Vu la requête, enregistrée le 19 juillet 2013 au secrétariat du contentieux du Conseil d'Etat, présentée par la société Brico Dépôt, dont le siège est 30-32, rue de la Tourelle à Lonpont-sur-Orge
(91310); la société Brico Dépôt demande au Conseil d'Etat : 1°) d'annuler pour excès de pouvoir la décision n° 1752 T du 17 avril 2013 par laquelle la Commission nationale d'aménagement commercial a déclaré irrecevable son recours dirigé contre la décision du 22 novembre 2012 de la commission départementale d'aménagement commercial de l'Essonne autorisant la société BDM à procéder à l'extension d'un ensemble commercial par création d'un magasin de bricolage à l'enseigne " Bricorama ", d'une surface de vente de 6 864 m², après modification substantielle d'un projet autorisé par la commission départementale de l'Essonne le 20 juin 2011 et prévoyant la création de 2 moyennes surfaces spécialisées dans l'équipement de la personne et du foyer, d'une surface totale de vente de 3 960 m² à Montgeron (Essonne) ; 2°) de mettre à la charge de l'Etat une somme de 3 000 euros en application de l'article L. 761-1 du code de justice administrative ; Vu les autres pièces du dossier ; Vu la note en délibéré, enregistrée le 11 septembre 2014, présentée par la société Bricot-dépôt ; Vu le code de commerce ; Vu la loi n° 73-1193 du 27 décembre 1973 ; Vu la loi n° 2008-776 du 4 août 2008 ; Vu le décret n° 2008-1212 du 24 novembre 2008 ; Vu le code de justice administrative ; Après avoir entendu en séance publique : - le rapport de Mme Florence Chaltiel-Terral, maître des requêtes en service extraordinaire, - les conclusions de Mme Gaëlle Dumortier, rapporteur public ; Sur la légalité de la décision attaquée :
- Considérant que, par décision du 22 novembre 2012, la commission départementale d'aménagement commercial de l'Essonne a autorisé à la société BDM la création d'un magasin de bricolage à l'enseigne " Bricorama " d'une surface de vente totale de 6 864 m2 à Montgeron (Essonne) ; que la société Brico Dépôt exploite un magasin de bricolage à l'enseigne " Brico Dépôt ", qui se situe en dehors de la zone de chalandise du projet en cause; qu'il ne ressort pas des pièces du dossier que la délimitation de la zone de chalandise, qui a été validée par les services instructeurs, serait erronée ; que c'est à bon droit que la commission nationale a opposé une irrecevabilité à la société requérante après avoir relevé que le magasin qu'elle exploite était situé en dehors de la zone de chalandise du projet en cause, qu'elle n'apportait aucun élément de nature à établir que la zone de chalandise du projet recouperait celle de son magasin et qu'aucun impact sur l'activité commerciale de ce magasin ne pouvait être apprécié ; que les autres moyens de la requête, relatifs au projet litigieux, sont dès lors inopérants ;
- Considérant qu'il résulte de ce qui précède que la requête de la société Brico Dépôt doit être rejetée, sans qu'il soit besoin de statuer sur la fin de non-recevoir opposée par la société BDM ; Sur les conclusions tendant à l'application des dispositions de l'article L. 761-1 du code de justice administrative :
- Considérant que les dispositions de l'article L. 761-1 du code de justice administrative font obstacle à ce qu'une somme soit mise à ce titre à la charge de la société BDM ; qu'il y a lieu, en revanche, dans les circonstances de l'espèce, de mettre à la charge de la société Brico Dépôt la somme de 5 000 euros à verser à la société BDM, au titre des mêmes dispositions ; D E C I D E : -------------- Article 1er : La requête de la société Brico Dépôt est rejetée.
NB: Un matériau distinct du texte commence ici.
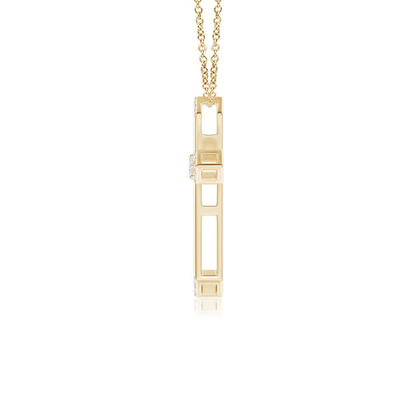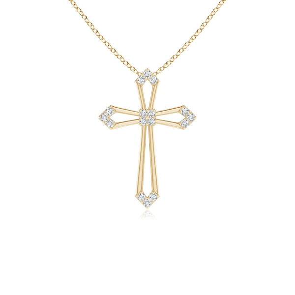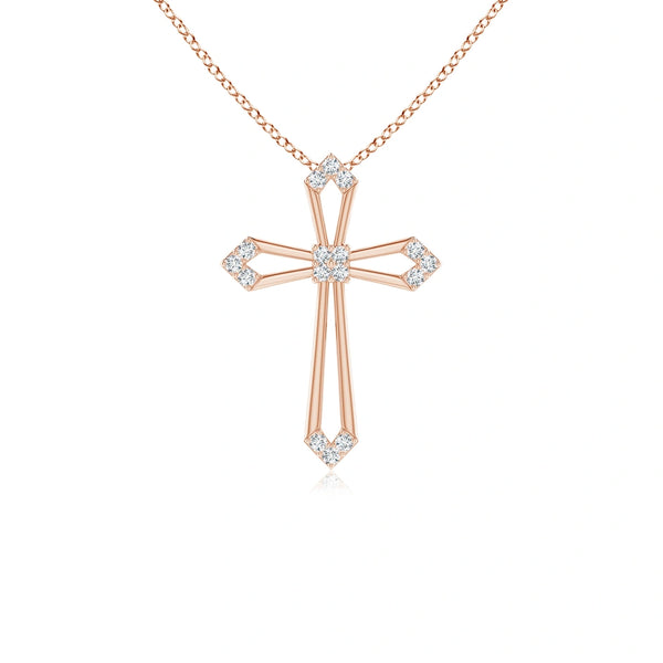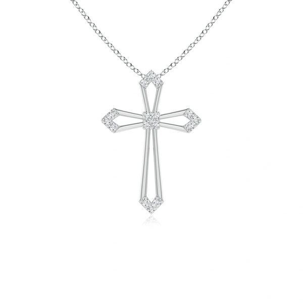 This lab-grown pointed open cross pendant features expertly crafted diamond accents that enhance its refined design. Combining ethical sourcing with precise craftsmanship, it offers a modern yet timeless symbol of faith. The open structure adds a contemporary edge, making it a versatile piece suitable for both everyday wear and special occasions.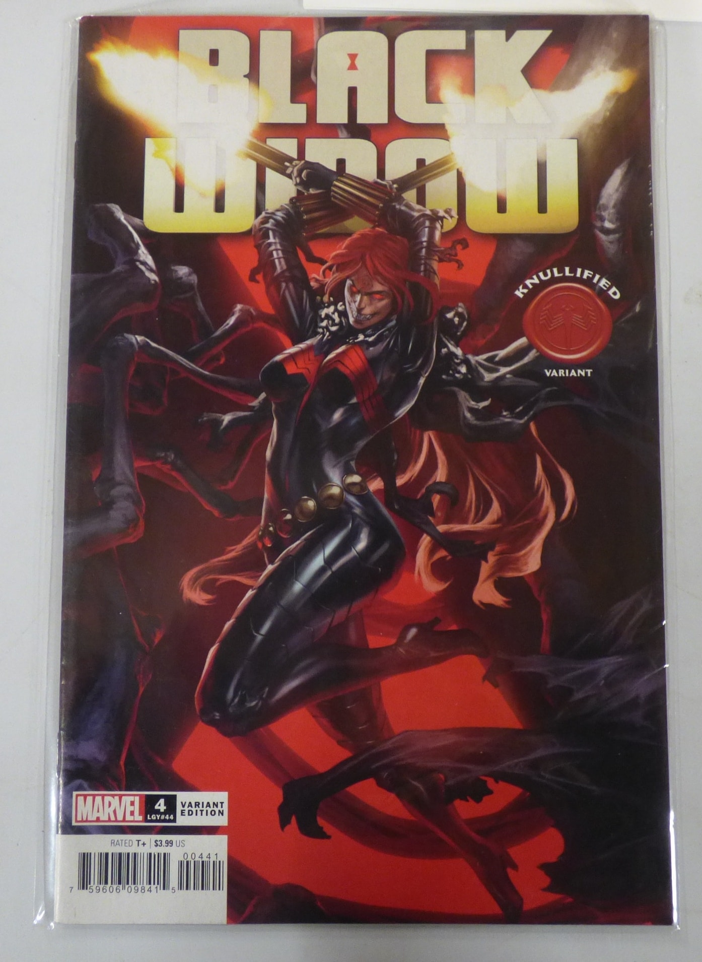 A Black Widow Marvel comic book, issue #4 (LGY#44) Knullified Variant Edition, featuring the character Black Widow in red and black, rated T+, and priced at $3.99 US.

Article 2 : La société Brico Dépôt versera à la société BDM la somme de 5 000 euros au titre des dispositions de l'article L. 761-1 du code de justice administrative. Article 3 : La présente décision sera notifiée à la société Brico dépôt et à la société BDM. Copie en sera adressée pour information à la Commission nationale d'aménagement commercial.